Deal Breakdown and Who Walked Away

  • Some think Google backed out after due diligence (possibly over valuation or technical/financial findings), with Wiz spinning it as their choice.
  • Others think Wiz chose the IPO path to chase a higher long‑term valuation and avoid being tied to a single cloud (GCP).
  • Several note that, by the time diligence happens on a $23B deal, a lot of internal momentum exists; something nontrivial likely changed.

Valuation, Growth, and IPO vs. Acquisition

  • Wiz reportedly has $500M ARR, previously raised at a $12B valuation, and was offered ~$23B (45–50x ARR). Many call that “insane” or hard to justify versus typical cyber multiples.
  • Supporters argue: extreme growth (from zero to hundreds of millions ARR in ~4 years), strong product‑market fit, and large security budgets can support high multiples.
  • Skeptics compare this to other overhyped security or cloud firms and warn the TAM may not support such valuations. IPO success is seen as uncertain.

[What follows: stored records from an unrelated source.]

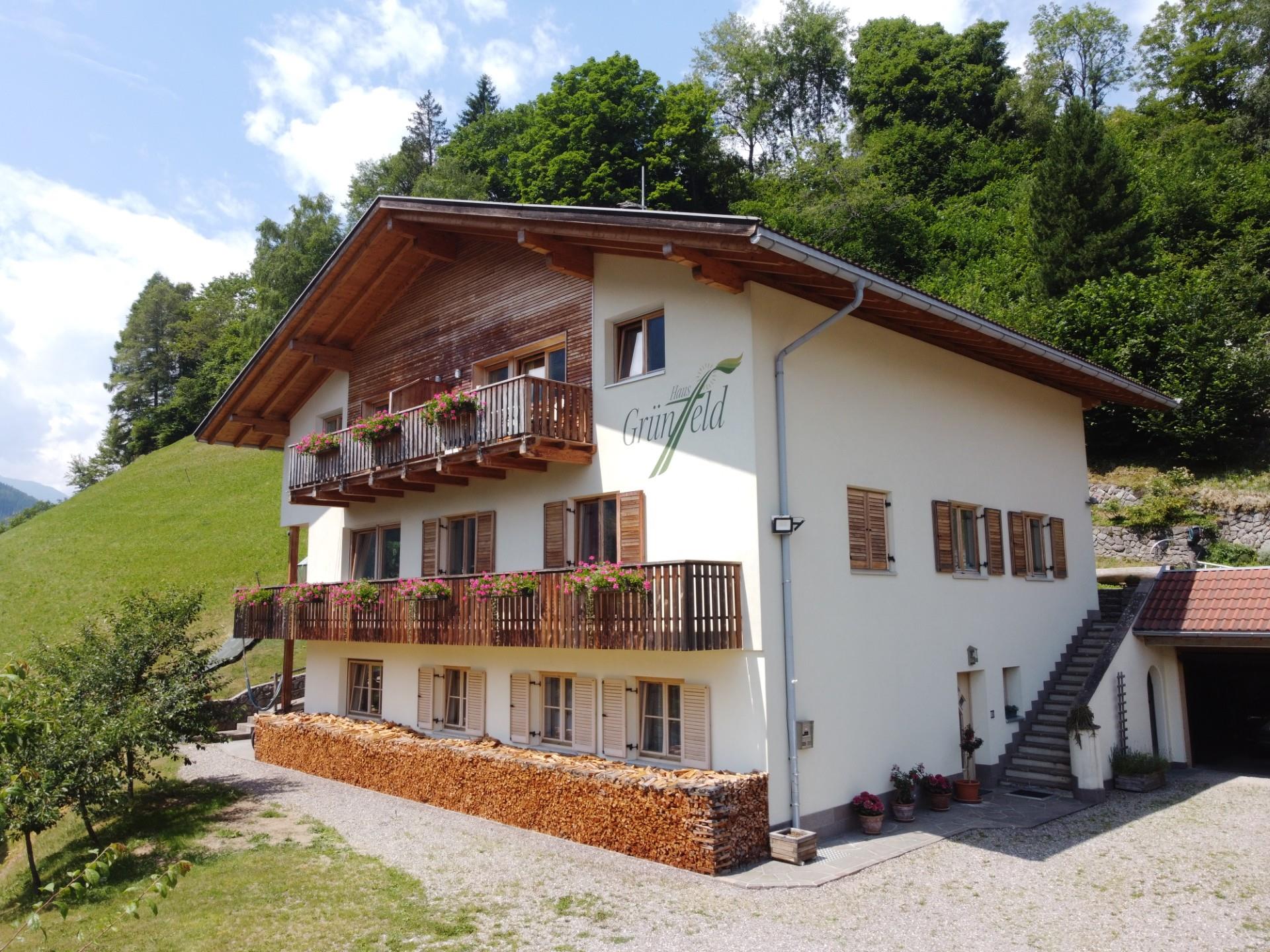 At the end of the village of Santa Valburga in the Ulten Valley stands the Haus Grünfeld, run by the Gamper family. It is approximately one kilometre from the village centre, while shops and a bus stop are just 100 metres away. The garden features comfortable seating and from the balcony can be seen the dam, part of the Zoggler reservoir, and the surrounding forests. There is plenty of parking outside the house.
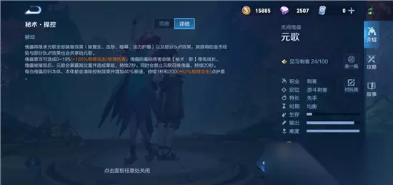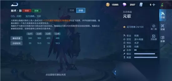 1技能:秘术·影 元歌将傀儡向指定方向掷出,对路径上敌人造成300/360/420/480(+125%额外物理加成)点物理伤害和击飞效果,并开始操控傀儡,傀儡会模仿一个敌方英雄直到攻击或者受到攻击;傀儡位于元歌900范围内时元歌会进行自动攻击;傀儡超过元歌2500范围5秒后会自动销毁;傀儡一旦死亡或销毁控制权将立即转回元歌本体;第二形态:立即收回傀儡,并对路径上的敌人造成300/360/420/480(+125%额外物理加成)点物理伤害和击飞效果; 冷却值:20/19.5/19 消耗:100 技能分析:可以配合被动技能,作为主点技能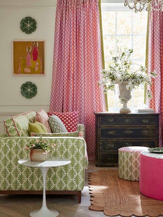 在这些尊贵的客厅里,我们的多才多艺熟石灰深提供了一个平静的背景,在此基础上进行色彩和图案的实验。大胆的粉色窗帘和别致的费尔福德绿色沙发采用了经典的色彩组合莫斯色彩设计。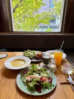 Sitting by the window, watching the trees and river outside🌳 The atmosphere is so comfortable it feels like a movie scene, full of quality~ The set menu includes corn soup + salad + dessert + coffee/juice🍹 You can also order à la carte, and there’s a thoughtful seasonal menu!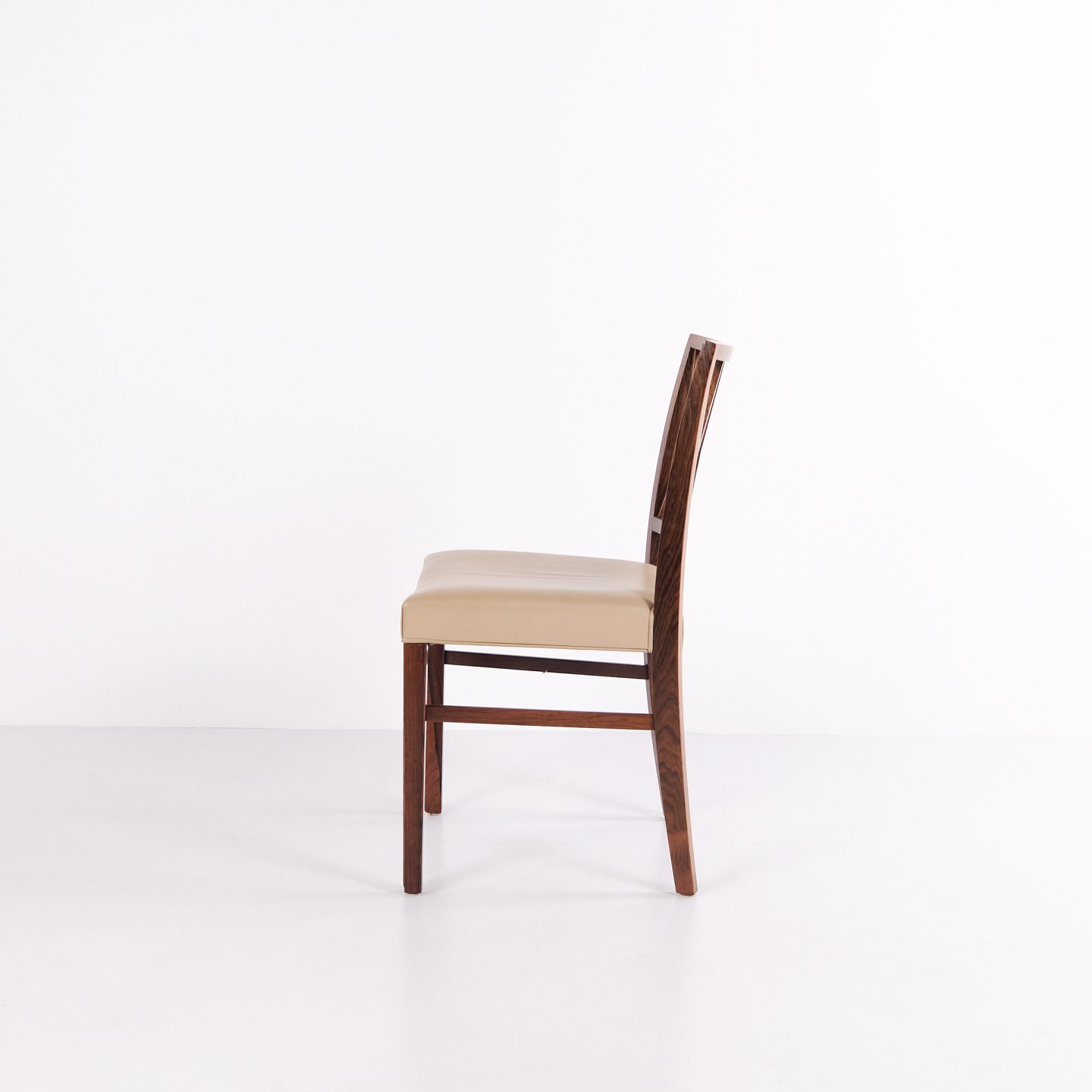 Sæt af fire spisebordsstole af Ole Wanscher for A.J. Iversen. Palisander og cremefarvet læder. Dansk design fra 1960’erne.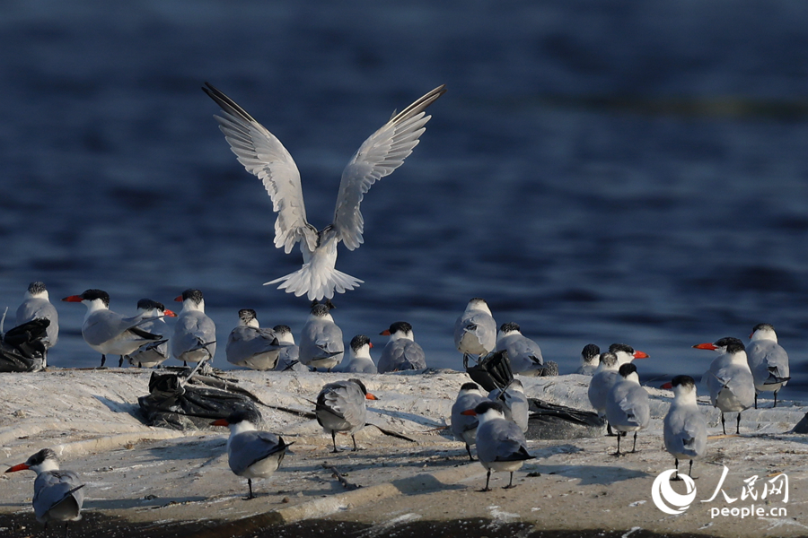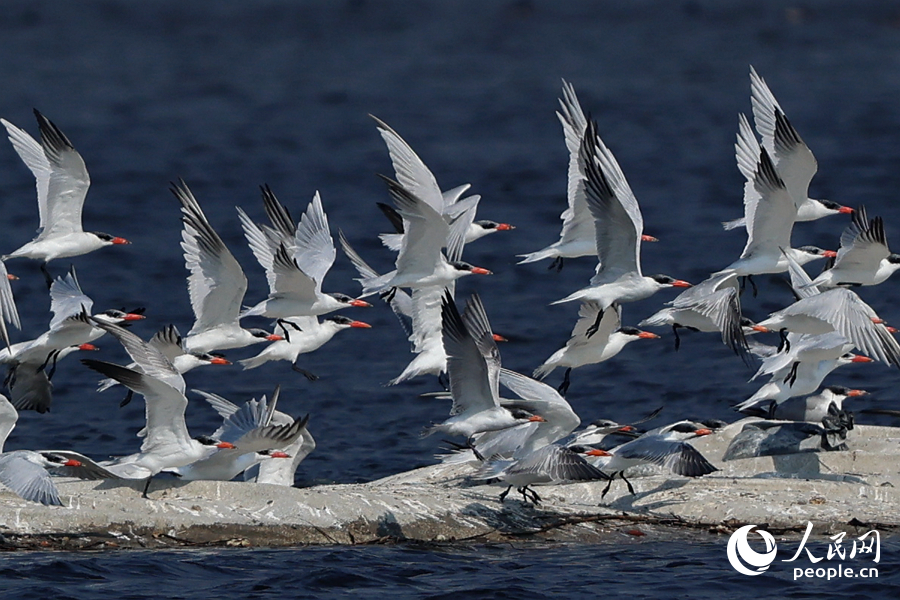 紅嘴巨燕鷗起飛瞬間。人民網記者 陳博攝
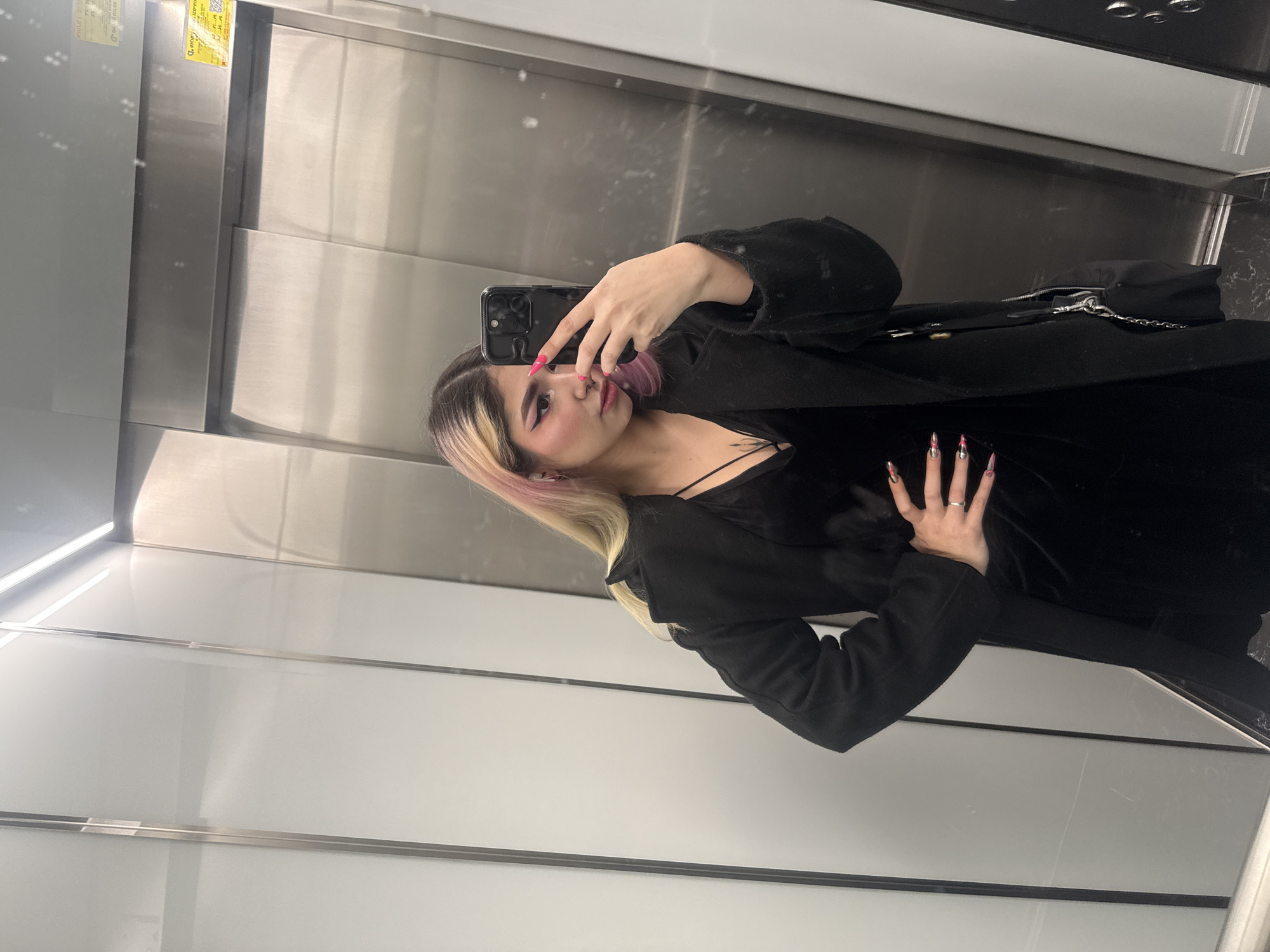 A woman is taking a mirror selfie inside an elevator in Ramat Gan, Israel. She possesses long, blonde hair with visible pink highlights and darker roots. Her visible face features prominent black and pink winged eyeliner, pink blush, a left nostril piercing with a silver ring, and a right eyebrow piercing visible in reflection. She wears a black long-sleeved coat over a black velvet v-neck garment, revealing a faint, dark-colored tattoo on her upper chest. Her left hand is placed on her hip, wearing a silver ring on the ring finger. Her right hand holds a black smartphone with a multi-lens camera array, positioned to capture her reflection. Her fingernails are long, artificially extended, and decorated with intricate black, pink, and silver designs. A small black shoulder bag with a silver chain strap hangs from her left shoulder. The elevator interior features reflective panels, a brushed metal door, and dark-colored, possibly patterned flooring. Overhead linear lighting is present. On the upper right section of the reflected elevator door, two yellow inspection stickers with Hebrew text are visible, including "חירום" (emergency) and "שבת" (Shabbat), indicative of an Israeli elevator.

What Wiz Does and Market Context

  • Wiz is described as a cloud security / CNAPP platform: agentless scanning (e.g., cloning cloud volumes), asset graphing, vulnerability and malware detection, configuration and data‑sensitivity analysis.
  • It’s contrasted with endpoint‑focused tools like CrowdStrike; some note that Wiz doesn’t currently do endpoint security.
  • Several mention wide enterprise adoption (e.g., a large fraction of Fortune 100) but others had never heard of it, feeding skepticism.

Google’s Strategy and Alternatives

  • Some question why Google wouldn’t just build a competing platform; others say big companies often buy proven products rather than coordinate large internal builds.
  • Concerns that, if acquired, Wiz would be limited to GCP and possibly “Google‑killed” or overly integrated, harming multi‑cloud customers.

Regulation, Governance, and Ethics

  • Antitrust/FTC scrutiny of big‑tech deals is cited as a possible risk factor reducing the attractiveness of an acquisition.
  • A linked article about Wiz’s lead investor raises questions about CISO advisory programs and whether equity “points” resemble pay‑to‑play or kickbacks; opinions are split on whether this is merely aggressive but legal VC practice or ethically dubious.

Broader Themes

  • Debate over whether “it’s always about the money” vs. founders already being wealthy and optimizing for control or ambition.
  • General skepticism about tech overhiring, sky‑high valuations, and security vendors selling “checkbox” compliance rather than true safety.